Define the encoder and decoder networks with tf.keras.Sequential

In this VAE example, use two small ConvNets for the encoder and decoder networks. In the literature, these networks are also referred to as inference/recognition and generative models respectively. Use tf.keras.Sequential to simplify implementation. Let \(x\) and \(z\) denote the observation and latent variable respectively in the following descriptions.

Encoder network

This defines the approximate posterior distribution \(q(z|x)\), which takes as input an observation and outputs a set of parameters for specifying the conditional distribution of the latent representation \(z\). In this example, simply model the distribution as a diagonal Gaussian, and the network outputs the mean and log-variance parameters of a factorized Gaussian. Output log-variance instead of the variance directly for numerical stability.

Decoder network

This defines the conditional distribution of the observation \(p(x|z)\), which takes a latent sample \(z\) as input and outputs the parameters for a conditional distribution of the observation. Model the latent distribution prior \(p(z)\) as a unit Gaussian.

Reparameterization trick

To generate a sample \(z\) for the decoder during training, you can sample from the latent distribution defined by the parameters outputted by the encoder, given an input observation \(x\). However, this sampling operation creates a bottleneck because backpropagation cannot flow through a random node.

To address this, use a reparameterization trick. In our example, you approximate \(z\) using the decoder parameters and another parameter \(\epsilon\) as follows:

\[z = \mu + \sigma \odot \epsilon\]

where \(\mu\) and \(\sigma\) represent the mean and standard deviation of a Gaussian distribution respectively. They can be derived from the decoder output. The \(\epsilon\) can be thought of as a random noise used to maintain stochasticity of \(z\). Generate \(\epsilon\) from a standard normal distribution.

The latent variable \(z\) is now generated by a function of \(\mu\), \(\sigma\) and \(\epsilon\), which would enable the model to backpropagate gradients in the encoder through \(\mu\) and \(\sigma\) respectively, while maintaining stochasticity through \(\epsilon\).

Network architecture

For the encoder network, use two convolutional layers followed by a fully-connected layer. In the decoder network, mirror this architecture by using a fully-connected layer followed by three convolution transpose layers (a.k.a. deconvolutional layers in some contexts). Note, it's common practice to avoid using batch normalization when training VAEs, since the additional stochasticity due to using mini-batches may aggravate instability on top of the stochasticity from sampling.
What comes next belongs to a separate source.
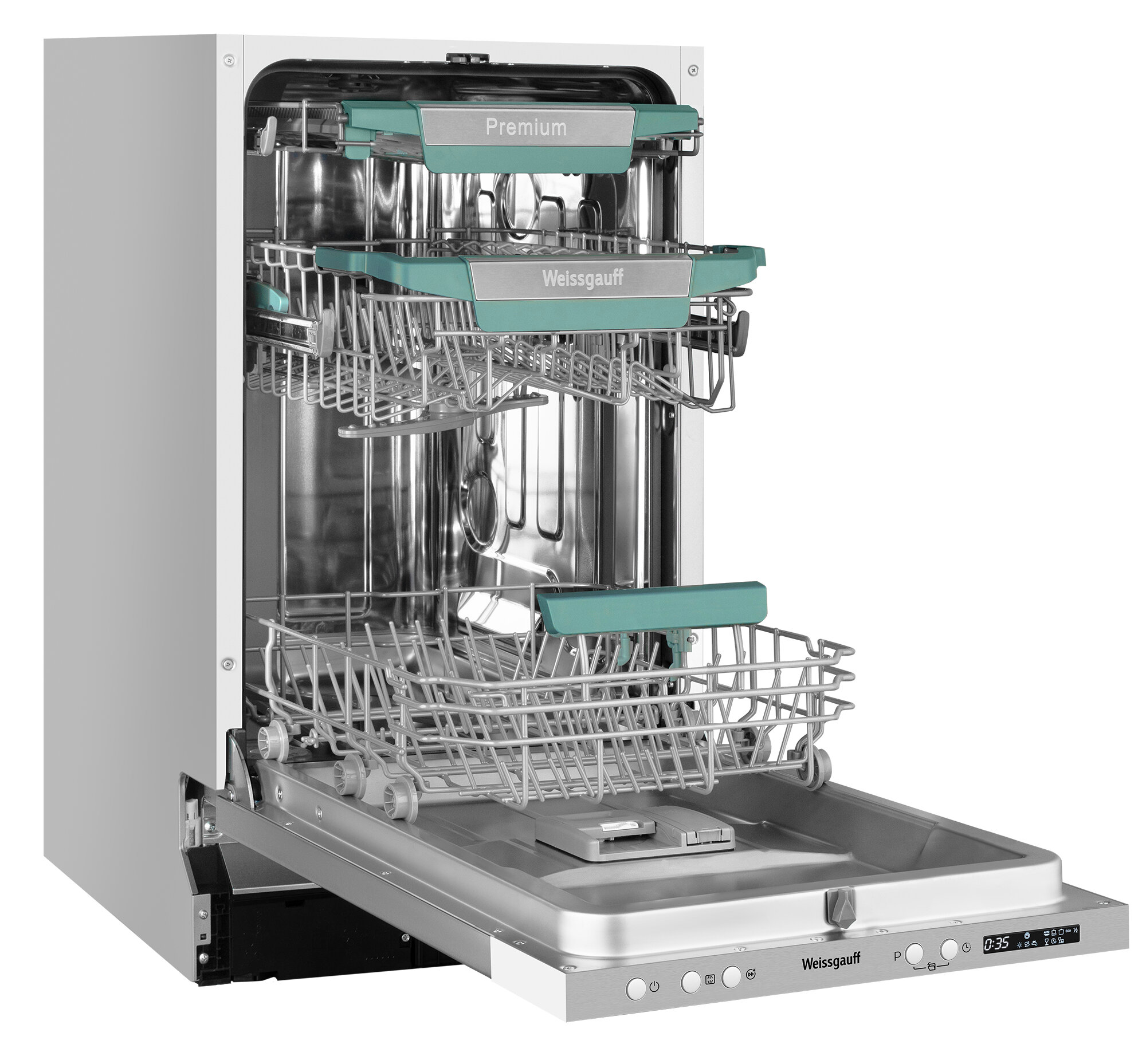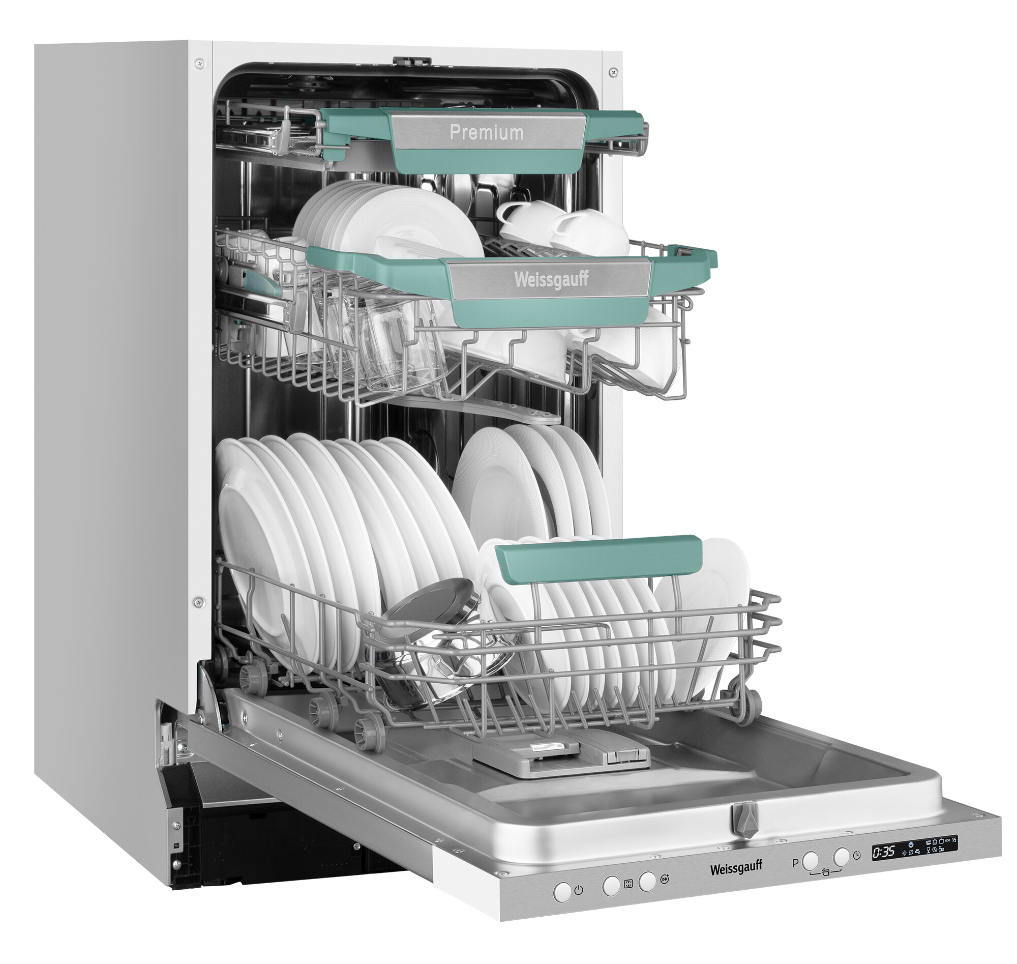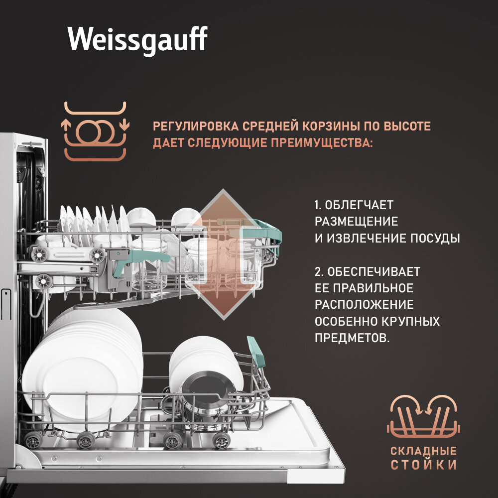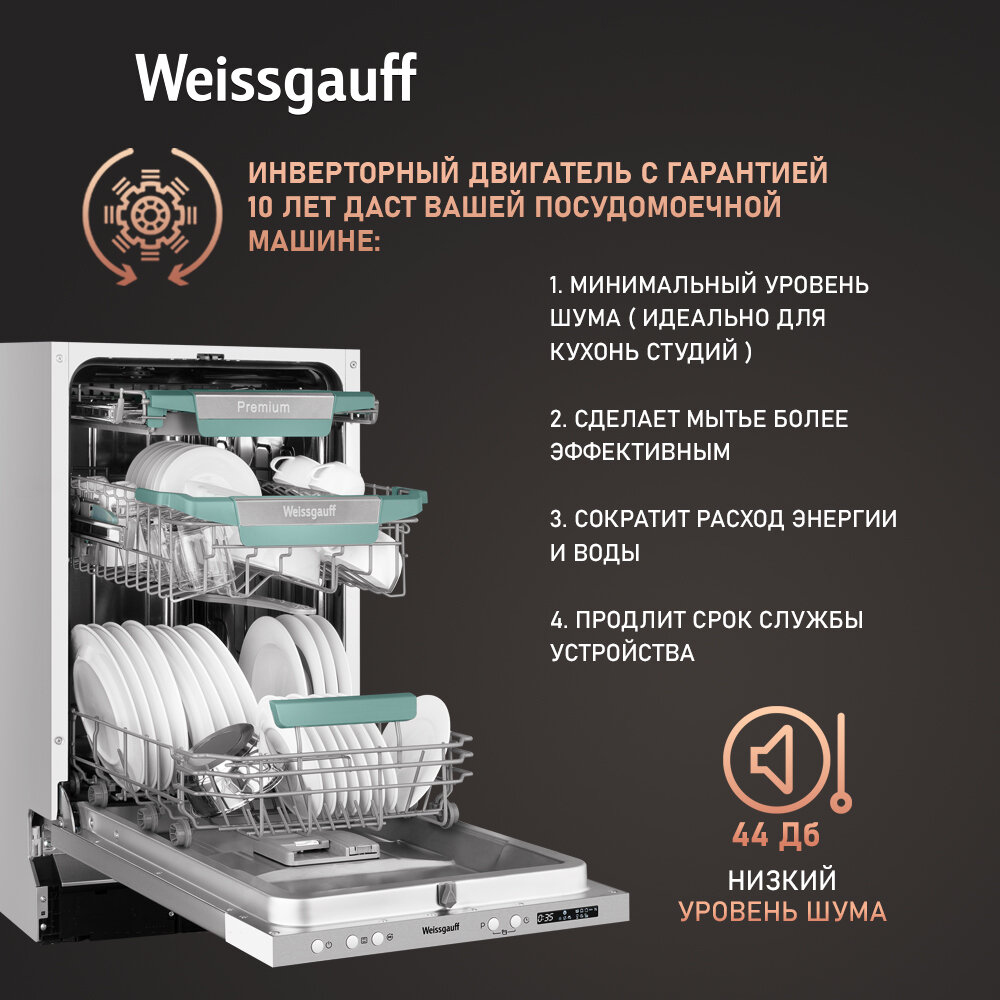 Встраиваемая посудомоечная машина WEISSGAUFF BDW 4573 D, узкая, ширина 44.8см, полновстраиваемая, загрузка 10 комплектов

class CVAE(tf.keras.Model):
  """Convolutional variational autoencoder."""

  def __init__(self, latent_dim):
    super(CVAE, self).__init__()
    self.latent_dim = latent_dim
    self.encoder = tf.keras.Sequential(
        [
            tf.keras.layers.InputLayer(input_shape=(28, 28, 1)),
            tf.keras.layers.Conv2D(
                filters=32, kernel_size=3, strides=(2, 2), activation='relu'),
            tf.keras.layers.Conv2D(
                filters=64, kernel_size=3, strides=(2, 2), activation='relu'),
            tf.keras.layers.Flatten(),
            # No activation
            tf.keras.layers.Dense(latent_dim + latent_dim),
        ]
    )

    self.decoder = tf.keras.Sequential(
        [
            tf.keras.layers.InputLayer(input_shape=(latent_dim,)),
            tf.keras.layers.Dense(units=7*7*32, activation=tf.nn.relu),
            tf.keras.layers.Reshape(target_shape=(7, 7, 32)),
            tf.keras.layers.Conv2DTranspose(
                filters=64, kernel_size=3, strides=2, padding='same',
                activation='relu'),
            tf.keras.layers.Conv2DTranspose(
                filters=32, kernel_size=3, strides=2, padding='same',
                activation='relu'),
            # No activation
            tf.keras.layers.Conv2DTranspose(
                filters=1, kernel_size=3, strides=1, padding='same'),
        ]
    )

  @tf.function
  def sample(self, eps=None):
    if eps is None:
      eps = tf.random.normal(shape=(100, self.latent_dim))
    return self.decode(eps, apply_sigmoid=True)

  def encode(self, x):
    mean, logvar = tf.split(self.encoder(x), num_or_size_splits=2, axis=1)
    return mean, logvar

  def reparameterize(self, mean, logvar):
    eps = tf.random.normal(shape=mean.shape)
    return eps * tf.exp(logvar * .5) + mean

  def decode(self, z, apply_sigmoid=False):
    logits = self.decoder(z)
    if apply_sigmoid:
      probs = tf.sigmoid(logits)
      return probs
    return logits

Define the loss function and the optimizer

VAEs train by maximizing the evidence lower bound (ELBO) on the marginal log-likelihood:

\[\log p(x) \ge \text{ELBO} = \mathbb{E}_{q(z|x)}\left[\log \frac{p(x, z)}{q(z|x)}\right].\]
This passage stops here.